Aim of the exercise:
Work through the listing below and give again exactly the lines from the one with "香港新聞網3月18日電 中國" to the one with "Ein markanter, einstellbarer", both ends included. All other lines and all pictures stay out.

Entries shown:
• • •
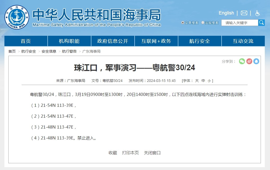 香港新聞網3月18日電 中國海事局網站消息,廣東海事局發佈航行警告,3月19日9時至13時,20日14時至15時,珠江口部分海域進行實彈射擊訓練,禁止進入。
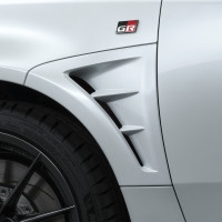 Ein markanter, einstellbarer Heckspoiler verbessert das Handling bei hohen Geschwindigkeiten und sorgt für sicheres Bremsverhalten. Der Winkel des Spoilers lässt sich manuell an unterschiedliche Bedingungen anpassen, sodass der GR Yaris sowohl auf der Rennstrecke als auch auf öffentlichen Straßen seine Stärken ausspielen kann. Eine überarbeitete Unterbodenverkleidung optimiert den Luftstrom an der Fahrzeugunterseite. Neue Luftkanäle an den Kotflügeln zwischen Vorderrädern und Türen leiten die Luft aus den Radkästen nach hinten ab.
• • •
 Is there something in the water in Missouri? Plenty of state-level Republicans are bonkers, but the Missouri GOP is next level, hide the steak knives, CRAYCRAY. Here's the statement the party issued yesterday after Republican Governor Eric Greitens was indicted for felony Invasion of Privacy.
• • •
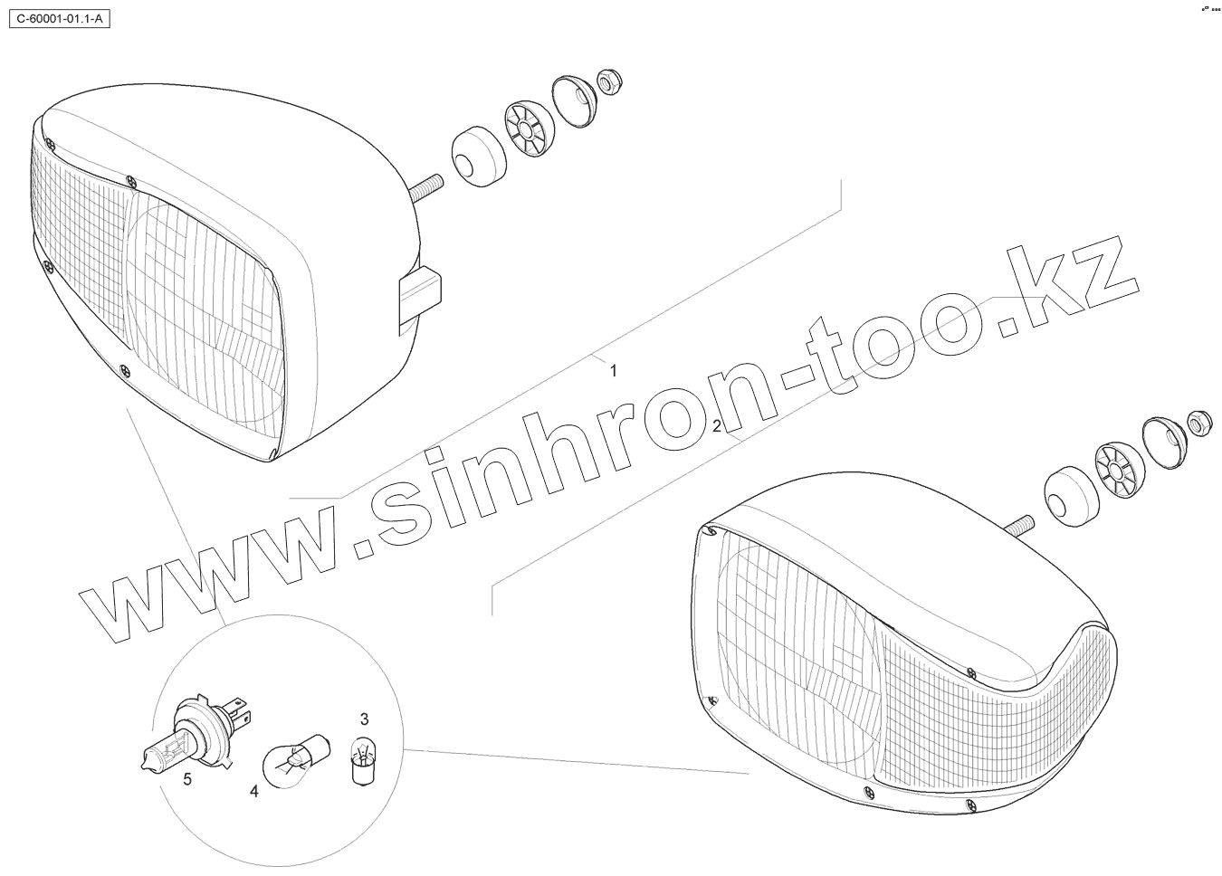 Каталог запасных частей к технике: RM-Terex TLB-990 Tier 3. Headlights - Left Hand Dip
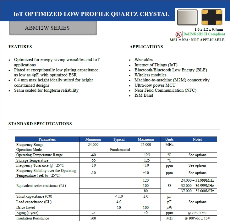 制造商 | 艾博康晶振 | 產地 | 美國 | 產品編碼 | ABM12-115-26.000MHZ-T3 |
• • •
Exercise answer:
 香港新聞網3月18日電 中國海事局網站消息,廣東海事局發佈航行警告,3月19日9時至13時,20日14時至15時,珠江口部分海域進行實彈射擊訓練,禁止進入。
 Ein markanter, einstellbarer Heckspoiler verbessert das Handling bei hohen Geschwindigkeiten und sorgt für sicheres Bremsverhalten. Der Winkel des Spoilers lässt sich manuell an unterschiedliche Bedingungen anpassen, sodass der GR Yaris sowohl auf der Rennstrecke als auch auf öffentlichen Straßen seine Stärken ausspielen kann. Eine überarbeitete Unterbodenverkleidung optimiert den Luftstrom an der Fahrzeugunterseite. Neue Luftkanäle an den Kotflügeln zwischen Vorderrädern und Türen leiten die Luft aus den Radkästen nach hinten ab.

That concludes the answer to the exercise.